• **EXERCISE REQUIREMENTS**
Give all of the listing again word for word, with images excluded.

• **STORED DATA**
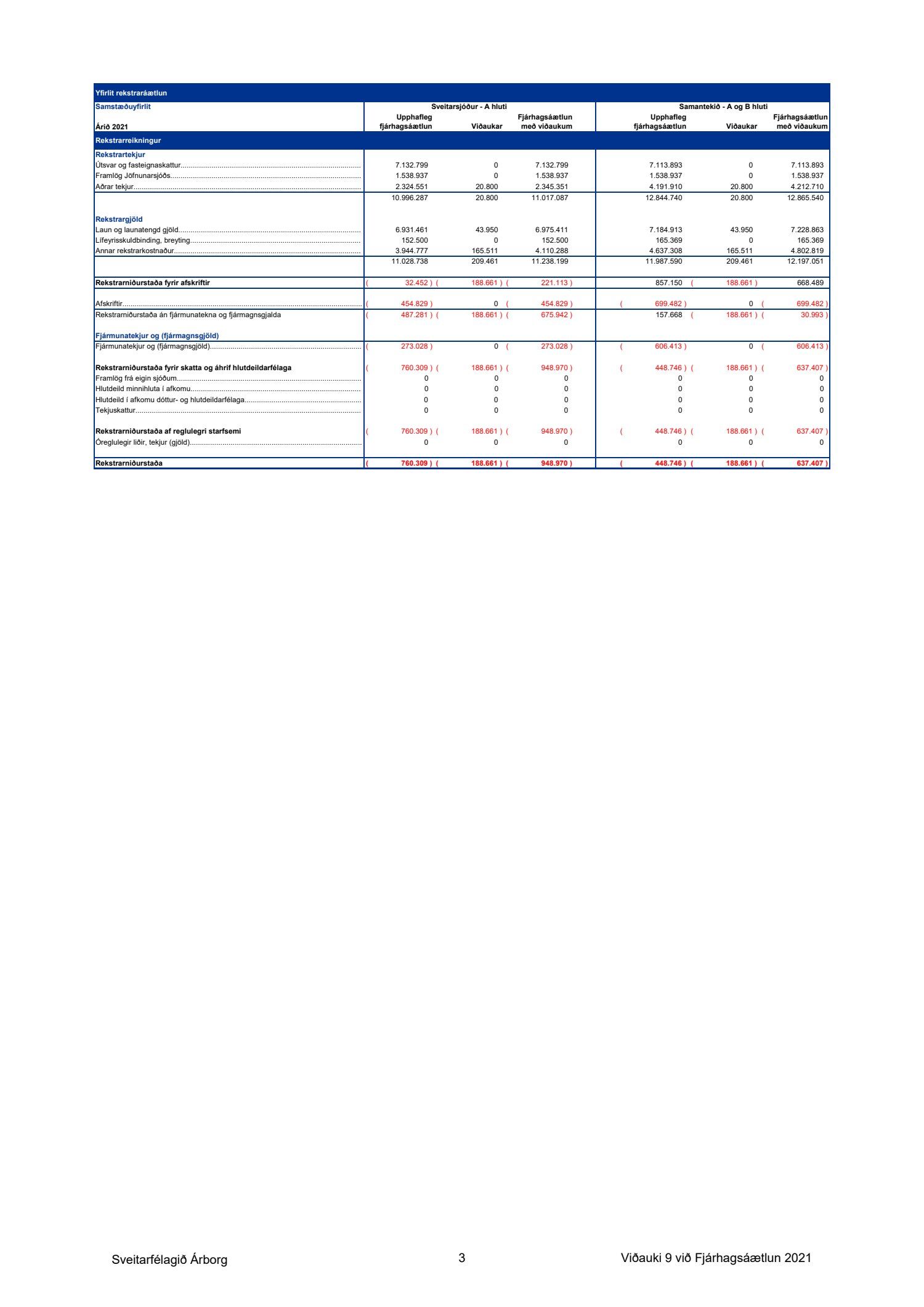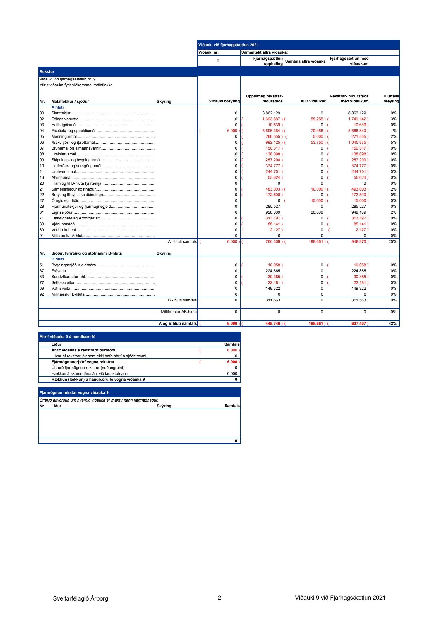 Viðauki nr. 9 samtals kostnaðarauki vegna reksturs 6.000.000 kr.
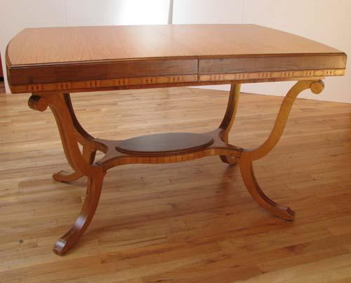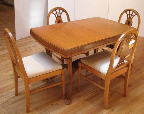 Title: Highly Decorated and Veneered Table and 4 Chairs
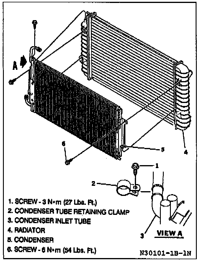 1. Condenser into position by tipping radiator toward engine.
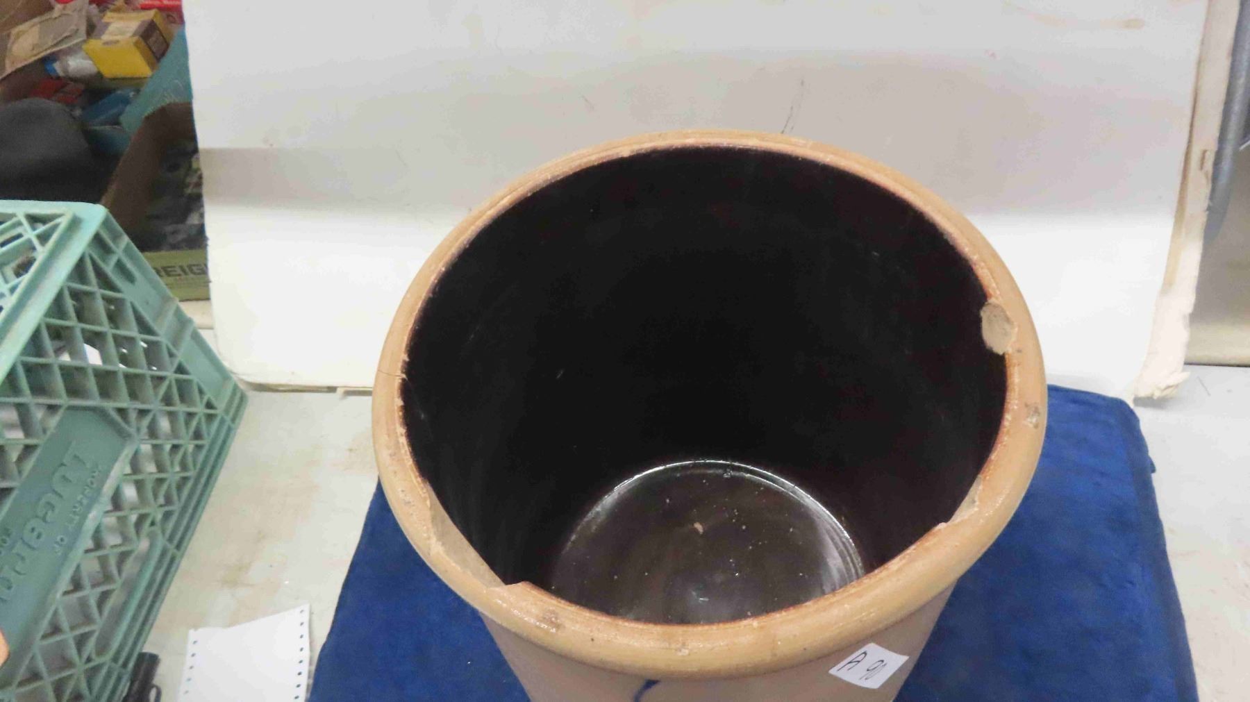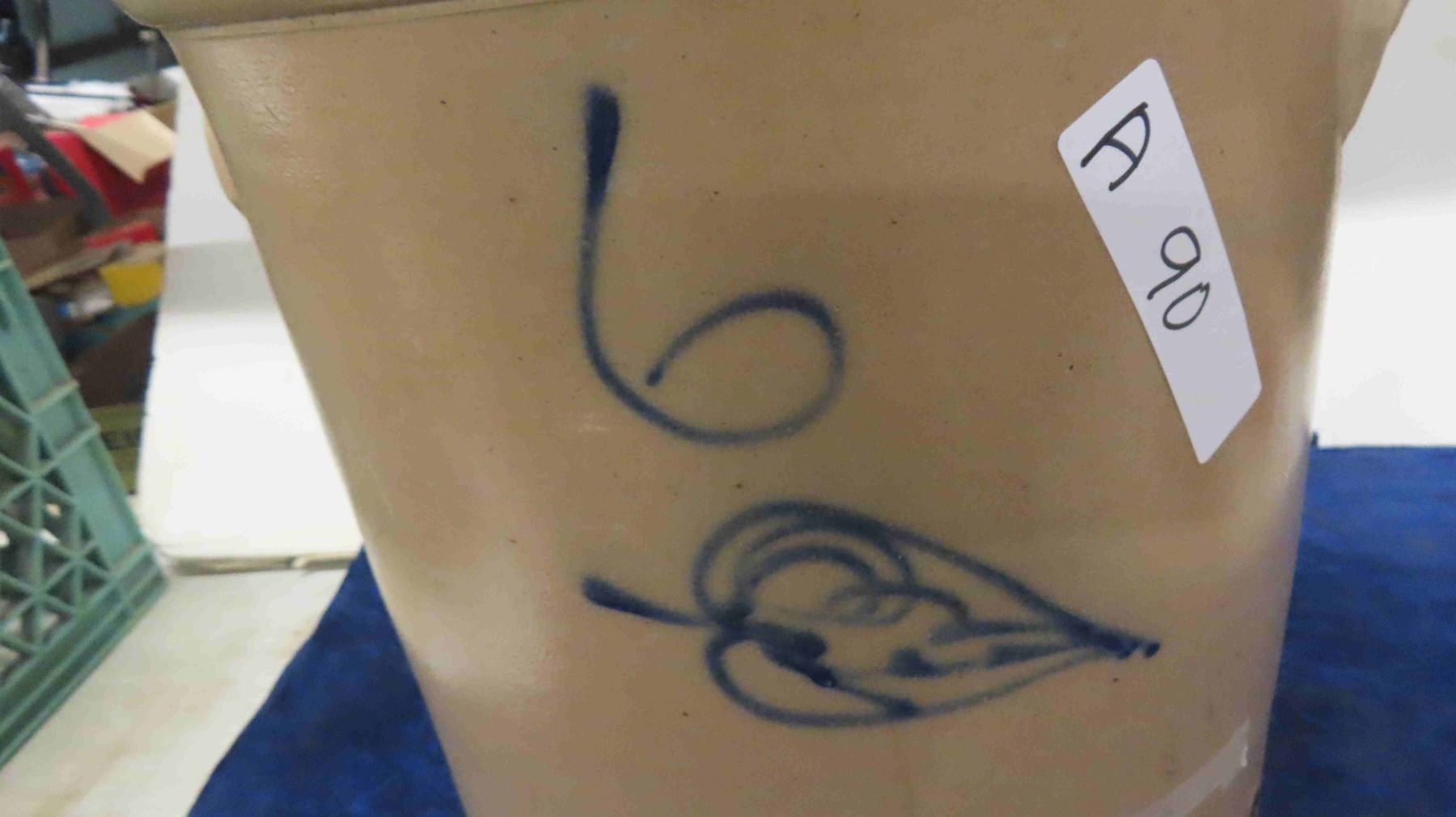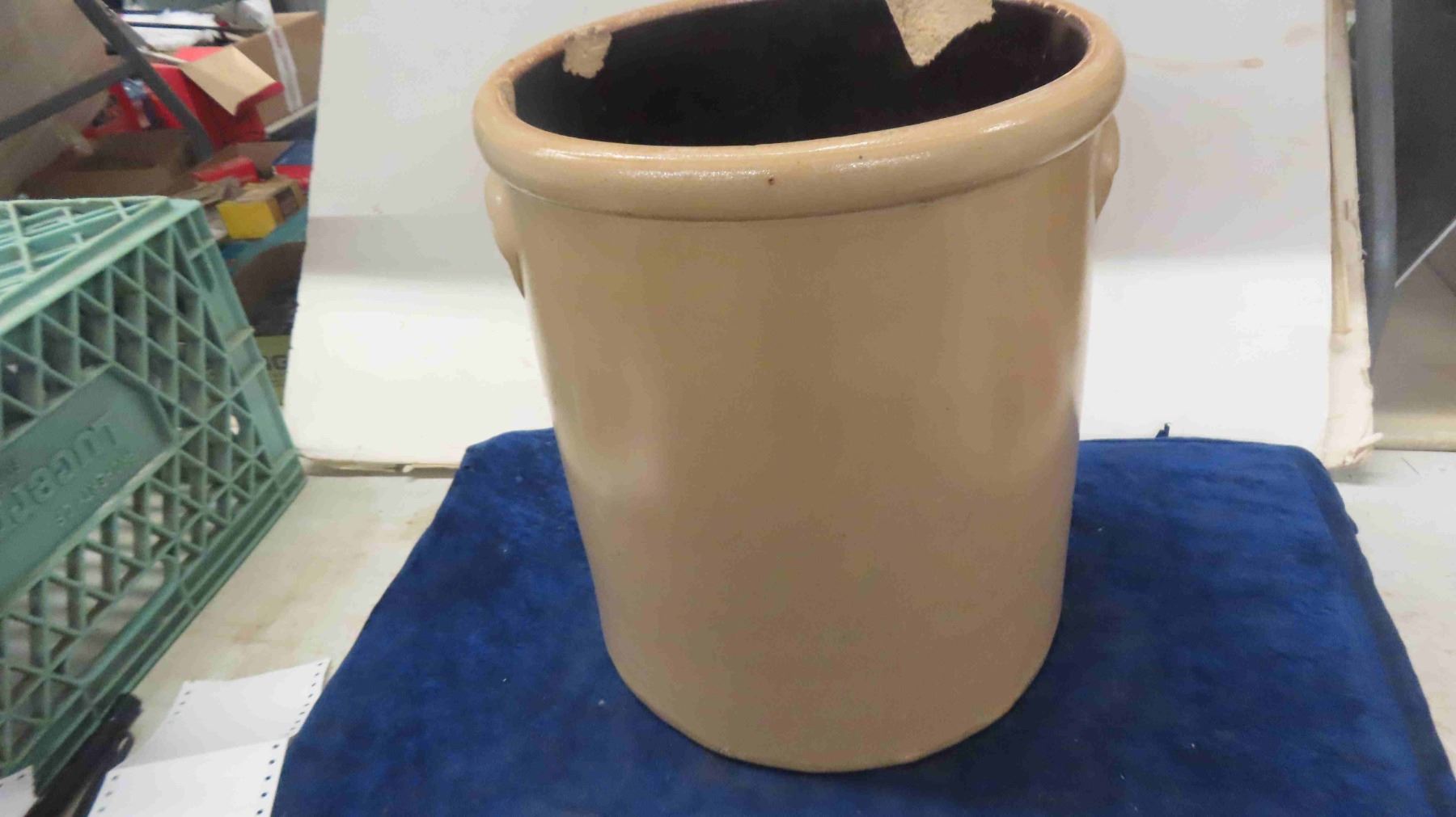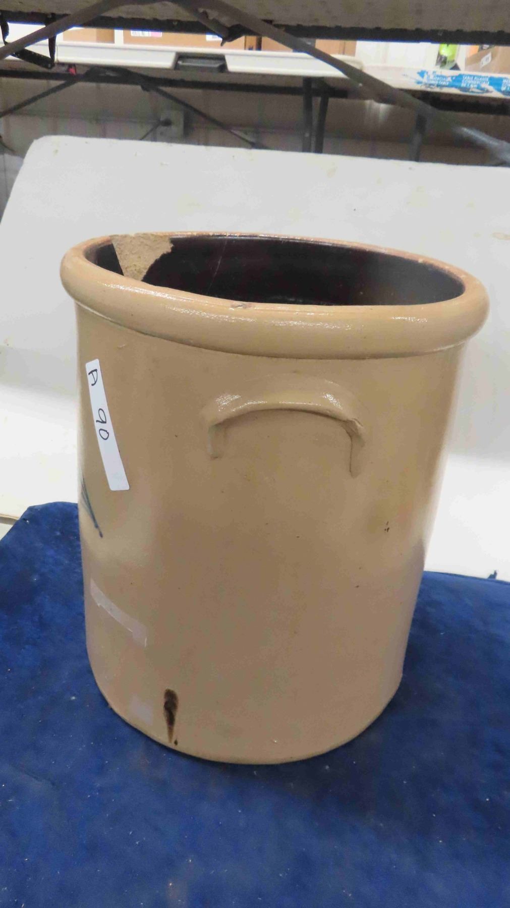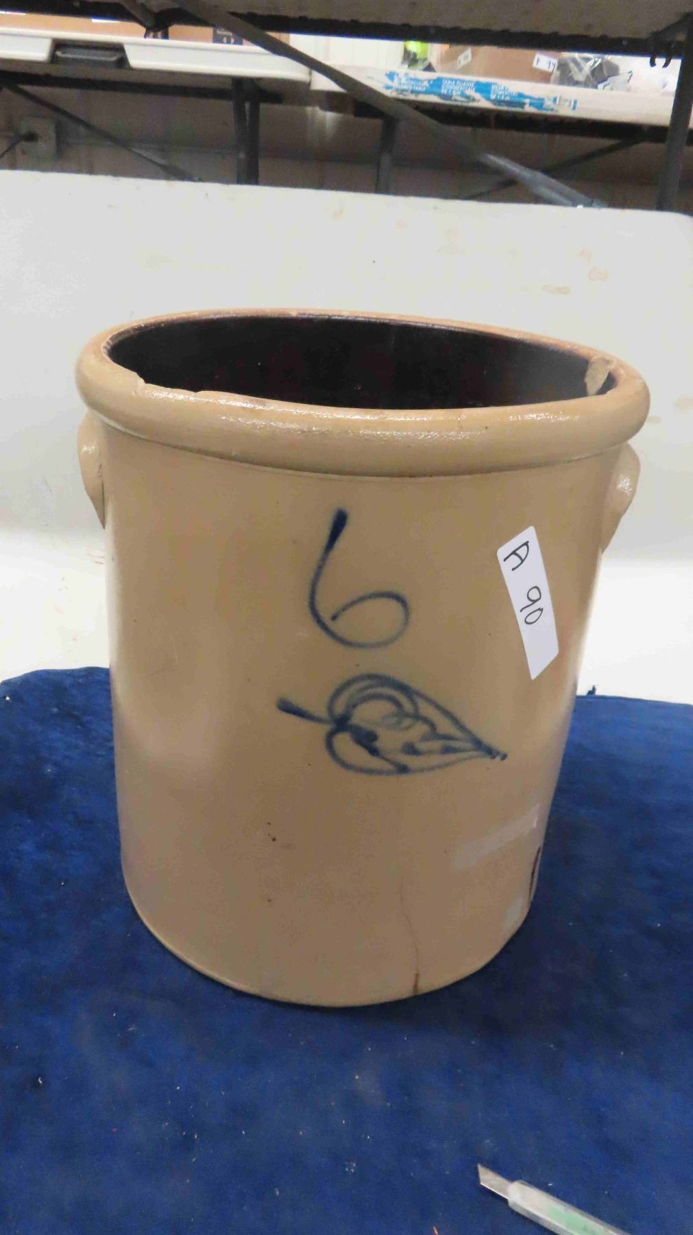 6 Gal Salt Glazed Crock - Has Chips + Cracks - Very Old

• **RESPONSE TO THE TASK**
 Viðauki nr. 9 samtals kostnaðarauki vegna reksturs 6.000.000 kr.
 Title: Highly Decorated and Veneered Table and 4 Chairs
 1. Condenser into position by tipping radiator toward engine.
 6 Gal Salt Glazed Crock - Has Chips + Cracks - Very Old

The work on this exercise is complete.